If you look at my planned route versus our track, you'll see we opted to shorten the trip by portaging across a sand spit, rather than going out around Richmond Island.  That was easy with two people to carry each boat.
Bob and Deb portaging sandbar at Richmond Island
I love navigating by just compass and chart, so got out my protractor and string and we plotted a 5 mile crossing straight across to some rocks just off Prout's Neck.  It's hard when you want to head straight across into the dense fog, and yet this self preservation instinct keeps over-riding your conscious mind, and you find yourself drifting off course heading closer to shore and deeper into the bay.   After over an hour of paddling over swells and some lumpy seas, we finally heard the surf, but it was not the rocks we had aimed for, but the surf on the beach deeper in the bay.  I finally resorted to using my GPS to pinpoint our location and keep us on track as we rounded Prout's Neck.  Today felt more like a virtual paddle, seeing only the chart and fog.  We could have been anywhere!

The final paddle was running with the tide into the Scarborough River, and there the fog finally began to lift enough to see a little of the land.  I was also startled to see a four foot sturgeon leap almost straight out of the water!  But the final fun was running though a section of fast water running furiously over a shallow bottom, as the sea appeared to be jumping up and down everywhere in little patches.  A green can marking the channel was partially submerged by the force of the current, as we flew up the river.

By taking our shortcuts we managed to land well before the intense thunderstorms began.  In early evening, a mircoburst took down large trees a few miles away.  I'm glad I'm not paddling tomorrow during the rest of the thunderstorms!

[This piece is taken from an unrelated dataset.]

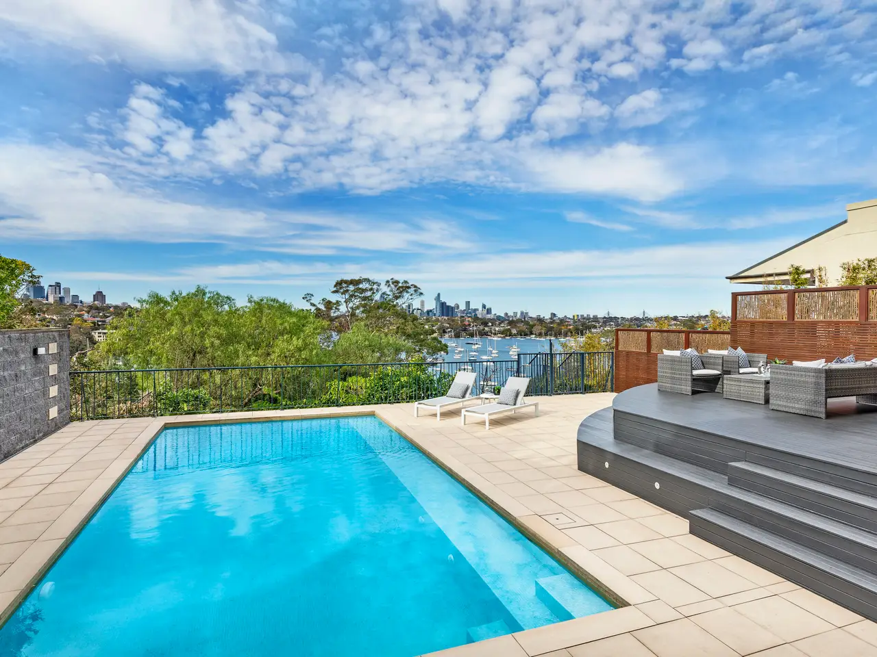 Enjoy Sydney's most celebrated postcard panorama from the comfort of home in this exclusive waterfront reserve residence, where timeless elegance meets uninterrupted views of the Harbour Bridge and city skyline from almost every room. Designed to maximise both luxury and liveability, the 1,500sqm approx. home offers a haven of bayside serenity with bold architectural flair with direct access to the water. Featuring four versatile indoor/outdoor living and dining areas, office and gym, a grand entertainer's terrace, and a series of idyllic decks and courtyards, this property promises a lifestyle as convenient as it is captivating - just minutes to transport links, Riverview College and Lane Cove village. – Prestigious family lifestyle on approx. 1,500sqm waterfront reserve block – Sunlit living with soaring curved ceiling and statement wood fireplace – Multiple living zones including formal lounge, multi-generational living – Expansive wraparound alfresco terraces, landscaped gardens and heated pool – Gourmet kitchen with Caesarstone benchtops and quality appliances, tranquil bamboo courtyard – Luxurious master suite with walk-in robe, private balcony and harbour views – Second kitchen, wine cellar, vast storage, DLUG and secure access
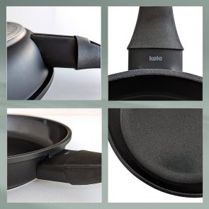 Відкрийте для себе ідеальне доповнення до вашої кухні: нашу сковороду із міцного литого алюмінію з удосконаленим двошаровим керамічним ущільненням. Ця сковорода вражає не лише відмінними результатами смаження, а й своїм складом – вона повністю не містить ПФОК та ПТФЕ.

The storms and rain tonight makes me think of the families living in the garbage dump community.  During the rainy season the water runs calf deep through the narrow pathways between their tightly packed houses.  It pours right through the houses built on the sides of the ravine, washing away possessions and washing in garbage.  Please join me in helping the children living in these homes by using the Give Now button to make a donation.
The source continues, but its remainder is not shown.